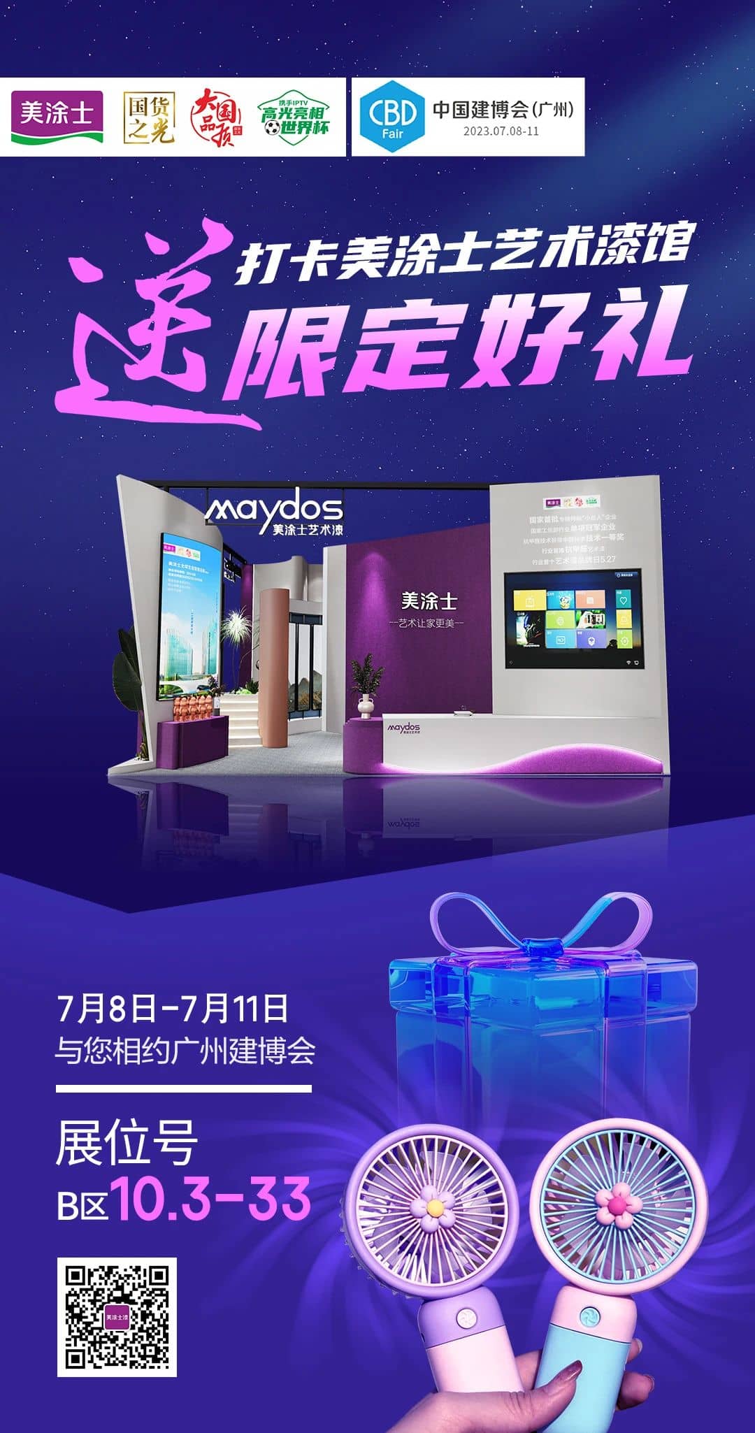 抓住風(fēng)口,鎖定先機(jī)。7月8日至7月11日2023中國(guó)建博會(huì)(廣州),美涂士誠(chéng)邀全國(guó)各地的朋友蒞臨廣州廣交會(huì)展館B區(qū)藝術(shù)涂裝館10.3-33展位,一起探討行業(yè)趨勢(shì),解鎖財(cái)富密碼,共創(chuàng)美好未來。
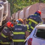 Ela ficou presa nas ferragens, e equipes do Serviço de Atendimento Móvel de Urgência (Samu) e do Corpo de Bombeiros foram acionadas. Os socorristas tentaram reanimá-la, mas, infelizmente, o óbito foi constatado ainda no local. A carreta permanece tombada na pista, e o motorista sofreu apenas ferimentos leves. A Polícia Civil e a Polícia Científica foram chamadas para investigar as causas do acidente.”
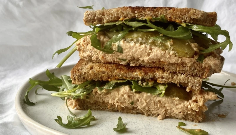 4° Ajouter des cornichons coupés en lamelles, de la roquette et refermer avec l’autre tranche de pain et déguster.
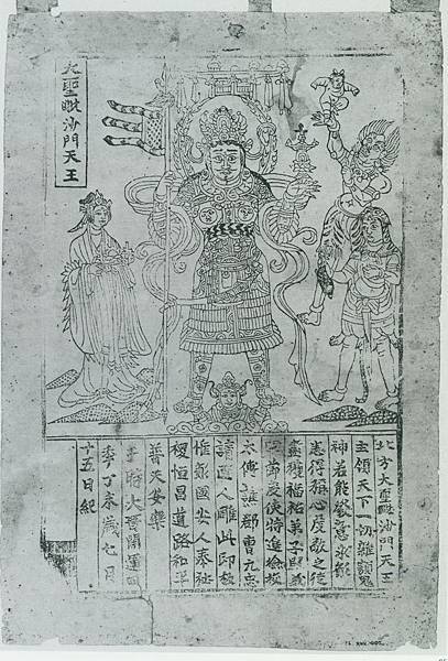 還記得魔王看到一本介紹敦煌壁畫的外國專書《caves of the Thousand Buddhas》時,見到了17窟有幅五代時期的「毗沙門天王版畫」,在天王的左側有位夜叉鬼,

+++

§ What needs to be done: Give back each line above verbatim, dropping every picture.

§ Written response:
 抓住風(fēng)口,鎖定先機(jī)。7月8日至7月11日2023中國(guó)建博會(huì)(廣州),美涂士誠(chéng)邀全國(guó)各地的朋友蒞臨廣州廣交會(huì)展館B區(qū)藝術(shù)涂裝館10.3-33展位,一起探討行業(yè)趨勢(shì),解鎖財(cái)富密碼,共創(chuàng)美好未來。
 Ela ficou presa nas ferragens, e equipes do Serviço de Atendimento Móvel de Urgência (Samu) e do Corpo de Bombeiros foram acionadas. Os socorristas tentaram reanimá-la, mas, infelizmente, o óbito foi constatado ainda no local. A carreta permanece tombada na pista, e o motorista sofreu apenas ferimentos leves. A Polícia Civil e a Polícia Científica foram chamadas para investigar as causas do acidente.”
 4° Ajouter des cornichons coupés en lamelles, de la roquette et refermer avec l’autre tranche de pain et déguster.
 還記得魔王看到一本介紹敦煌壁畫的外國專書《caves of the Thousand Buddhas》時,見到了17窟有幅五代時期的「毗沙門天王版畫」,在天王的左側有位夜叉鬼,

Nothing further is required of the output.